İzmir Müzisyenler Derneği’yle yapılan görüşmelerin
ardından Karabağlar’da ikamet eden müzisyenlere, gıda ve hijyen kolileri
ulaştırıldı.
Koronavirüs salgınına karşı önlem ve mücadele
çalışmalarını aralıksız sürdüren Karabağlar Belediyesi, mağdur kesimleri
gözardı etmiyor.
Daha önce İzmir Berberler Esnaf ve Sanatkarlar
Odası, İzmir Kahveciler Esnaf Odası’yla görüşülerek belirlenen esnafa gıda
kolileri dağıtıldı. Ayrıca, 30 Ekim’de İzmir’de meydana gelen şiddetli deprem
nedeniyle mağdur duruma düşen ya da covid 19 hastalığına yakalandığı için
evlerinde karantinada olan ihtiyaç sahibi vatandaşlara da hijyen ve gıda
kolileri verildi.
*- MUTLU SAYISI DA AZ DEĞİL!
Türkiye İstatistik Kurumu’nun (TÜİK) sonuçlarını
açıkladığı Yaşam Memnuniyeti Araştırması’na göre, 2020 yılında Türkiye’de
mutsuzların oranı arttı.
2003 yılından bu yana düzenli olarak yapılan
araştırmada, mutlu olduğunu söyleyen 18 ve üzeri yaştaki bireylerin oranı, 2019
yılında yüzde 52,4 iken 2020 yılında yüzde 48,2’ye geriledi.
Mutsuz olduğunu belirten bireylerin oranı ise 2019
yılında yüzde 13,1 iken 2020 yılında yüzde 14,5’e çıktı. Araştırmaya göre mutlu
olduğunu belirten erkeklerin oranı, 2019 yılında yüzde 47,6 iken 2020 yılında
yüzde 43,2’ye düştü. Kadınlarda ise bu oran, 2019 yılında yüzde 57,0 iken 2020
yılında yüzde 53,1 oldu.
*- NEDENLERİN BAŞINDA
Sabancı Üniversitesi Psikoloji Programı öğretim
üyesi Prof. Dr. Nebi Sümer, 2020 yılında Corona virüsü salgınının yanı sıra çok
sayıda talihsiz olay ve felaket yaşanmasının mutsuzluk nedenlerinin başında
gelmesine karşın Türkiye’de mutluluk düzeyinin 2016 yılından bu yana gerileme
eğiliminde olduğuna dikkat çekti.
Sümer, ‘Çoğu ülkede Corona virüsü salgınının hemen
sonrasında özellikle, Mart, Nisan, Mayıs aylarında yapılan araştırmalar genel
olarak depresyon ve kaygı bozukluklarının arttığını, yüzde 20’lerden yüzde
30’lara çıktığını, dünyada genel olarak yükseldiğini gösteriyor.
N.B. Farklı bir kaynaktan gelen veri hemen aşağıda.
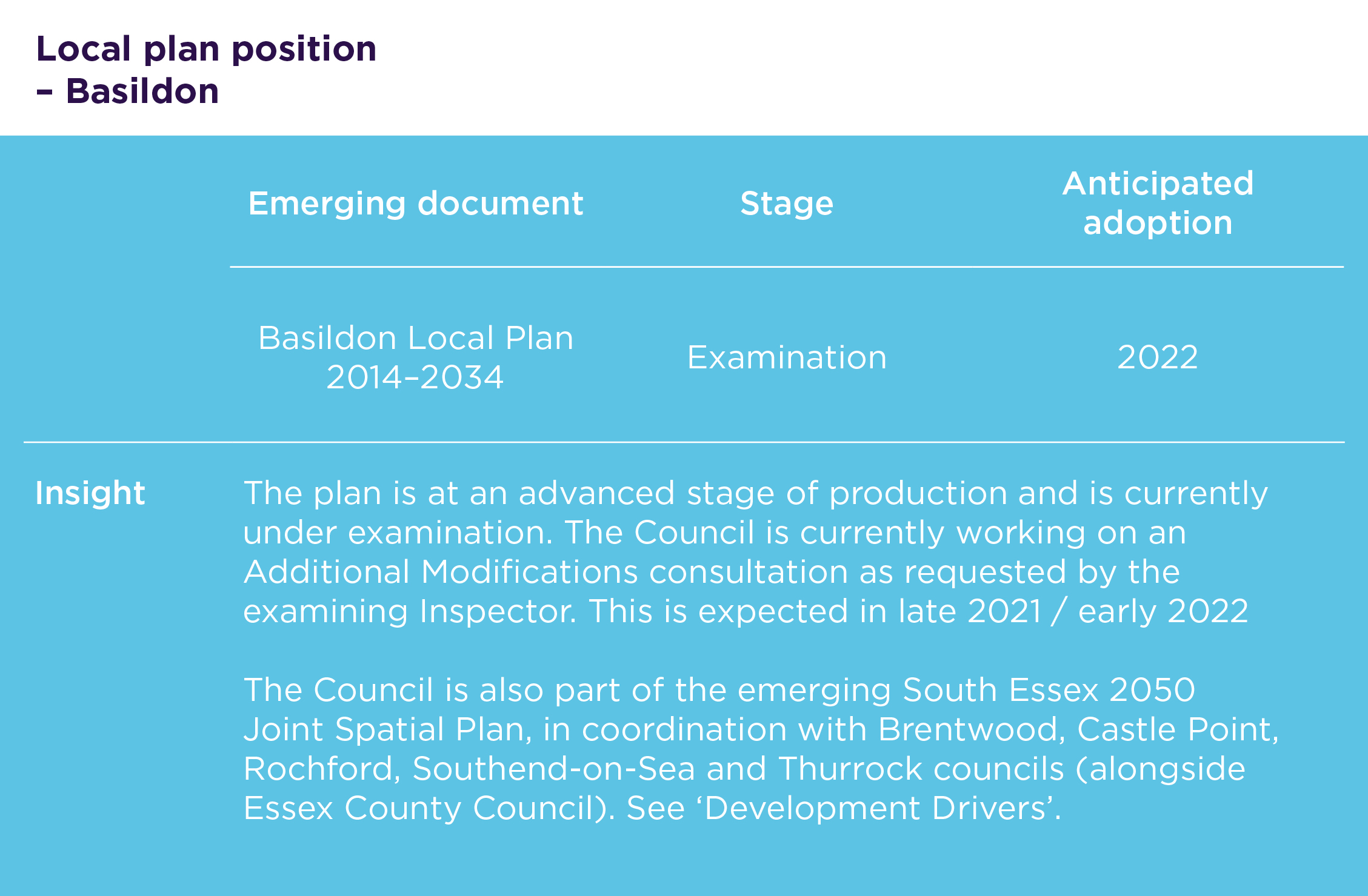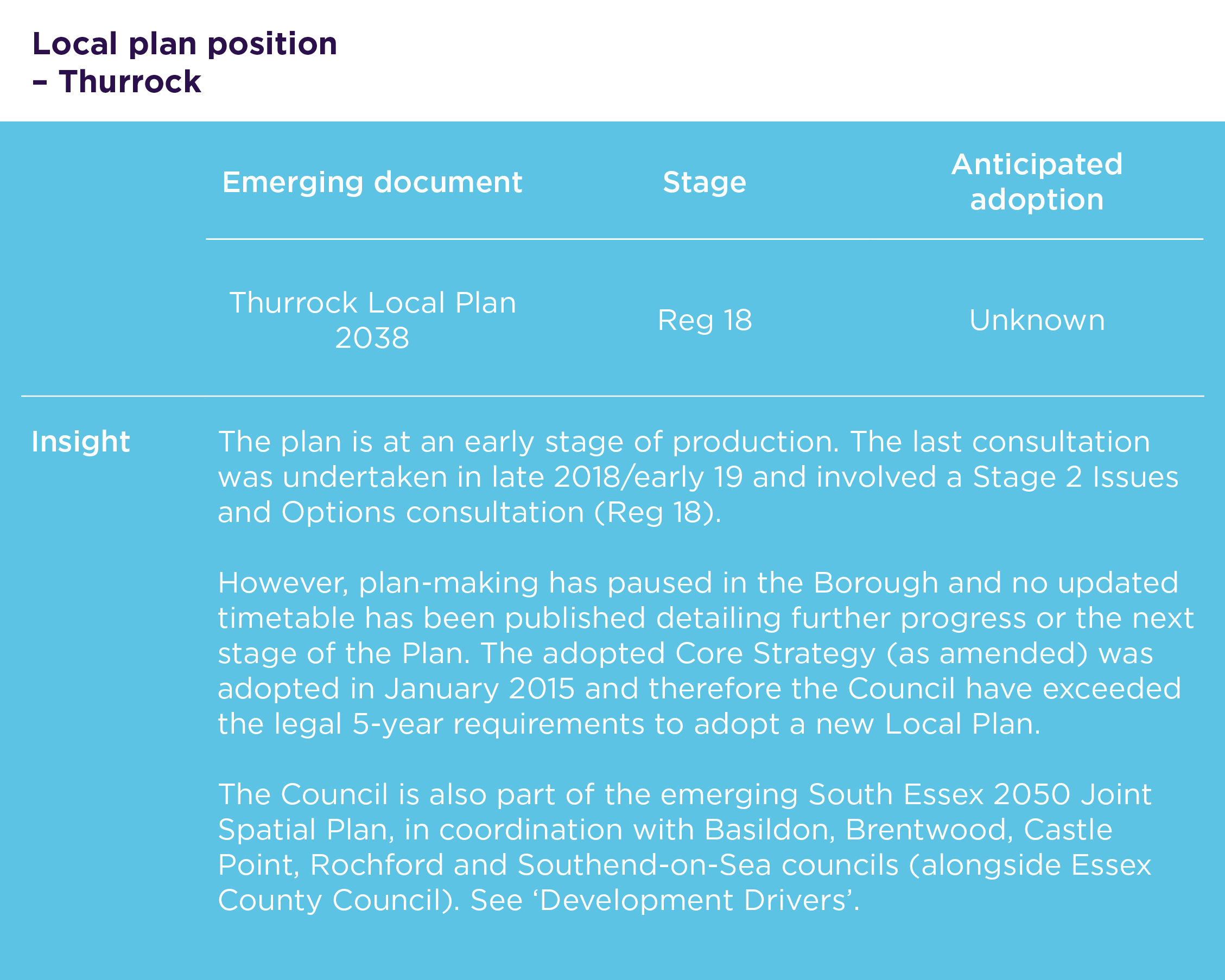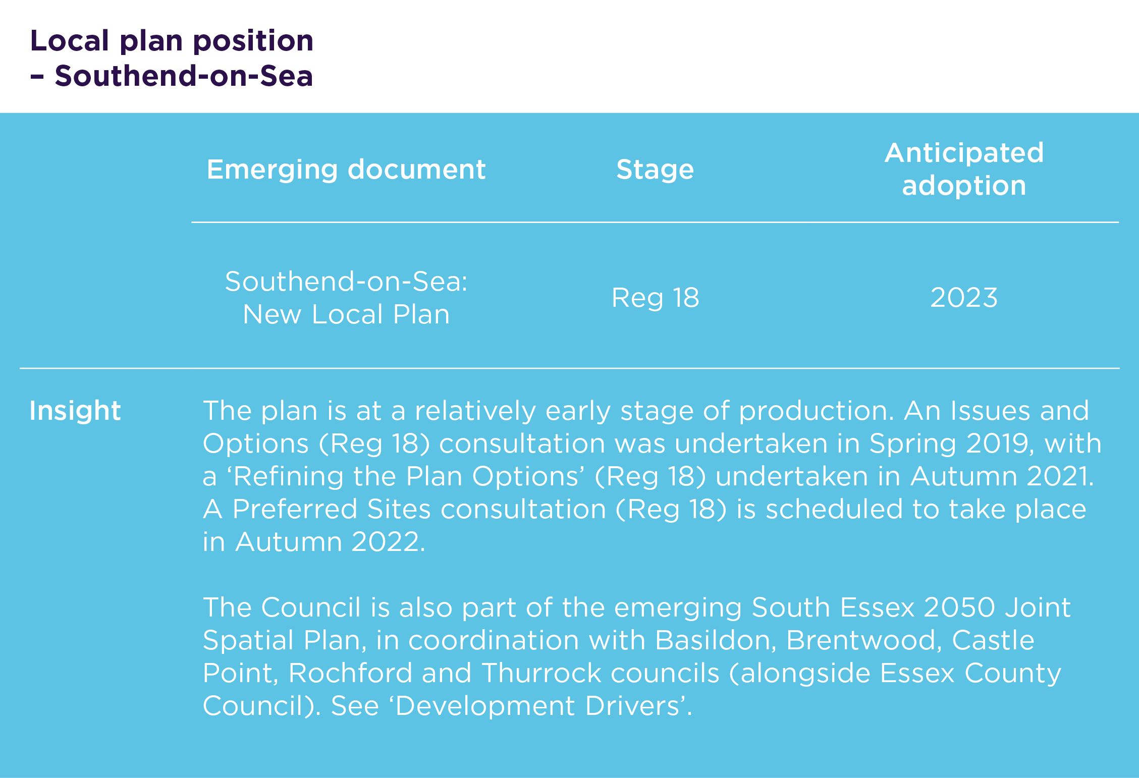 A significant issue for the South Essex JSP will be addressing excess housing need from Greater London (particularly in Thurrock) and finding suitable growth solutions to meet the needs of a heavily constrained Southend-on-Sea.

O da genel bir etki yapmış olabilir ama bu sadece
Corona’ya bağlı bir düşme değil, genel bir düşmenin devamı’ değerlendirmesi
yaptı.
*- EN MUTLU OLANLAR
Türkiye’de en mutlu olanlar, yüzde 57,7 ile 65 ve
üzeri yaş grubundakiler. Yaş grupları bazında açıklanan sonuçlara göre, en
düşük mutluluk oranı 2019 yılında yüzde 48,7 ile 55-64 yaş grubunda görülürken
2020 yılında yüzde 45,4 ile 35-44 yaş grubunda görüldü.